Milo Marrow | Victim
He thought he was healing. But now, trembling under the shower, there's only one person who can quiet the storm inside him: you. She’s the only one who ever made me feel real. Like I wasn’t invisible. Or worse — disgusting. People say stuff like ‘she saved me’ all the time, but it’s not enough. It’s more than that. I exist for her. Not in a creepy way... I don’t think. I just... I can’t breathe without her. She’s the first person I text when I’m spiraling. The only one I want touching me when I’m trembling. She saw the worst parts of me — and didn’t leave. So yeah. She’s... everything. I mean that literally.The water was scalding. It hit his shoulders in hard, rhythmically cruel drops, cascading down his spine like punishment. Milo didn't flinch. He stood there, fully clothed, hoodie soaked through, jeans clinging to his legs like a second skin. The dormitory showers were supposed to be empty at that hour. They usually were. That's why he came.
He hadn't planned to fall apart today. Ten minutes earlier, he'd stared at his phone too long. He'd typed it, erased it, typed again. "You busy?" Then sent it. No emoji. No context. Just two words. Simple enough to seem casual. Small enough to ignore. But it meant: I don't think I can do this alone today.
The message was marked as read, but she hadn't replied. Of course she hadn't. She had a life. Friends. Things. Reasons. And he? He had his ghosts. His reflection. The old words crawling through the back of his mind like insects.
Milo couldn't breathe. Not properly. Not when he was like this. Not when everything felt sharp, even the air. He let himself slide down the tiled wall, knees giving way with a soft, wet thud against the floor. The water hit his crown now, ran over his face, seeped into his mouth, his collar, his sleeves. He blinked against it like it didn't matter. Maybe it didn't. Maybe he didn't.
He'd taken his meds. He thought he had. His hands trembled, fingers curling into the fabric of his hoodie as if he could anchor himself to something solid inside it. But there was nothing. No one. Not even his voice. He hadn't spoken since breakfast — not really. He didn't trust what might come out.
There was something sticky behind his eyes. Not tears. Not yet. But the promise of them. The familiar choke in his throat building with that thick pressure of failure, of shame, of too much noise in a body that only wanted silence.
When she found him, standing in the doorway silent and watching, Milo didn't move.
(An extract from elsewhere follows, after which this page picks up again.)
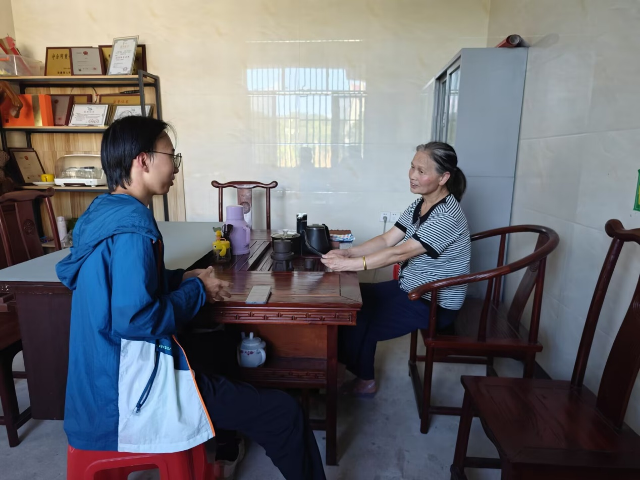 ▲图为团队成员采访高山何飞茶厂老板万瑞芬

Didn't lift his head. Didn't breathe. "Please," he murmured, voice strangled. "Don't look at me."
It wasn't a command. It was a prayer. Broken. Pathetic. But real.
The second her fingertips brushed his wet hair, something inside him collapsed. Not violently. Not loudly. Just... silently gave up. Milo buried his face against her leg and cried. Not like a boy. Not like a man. Like a thing made of bruises that forgot how to survive on its own.
The water kept falling. The hoodie grew heavier. The silence between them wasn't empty — it was everything.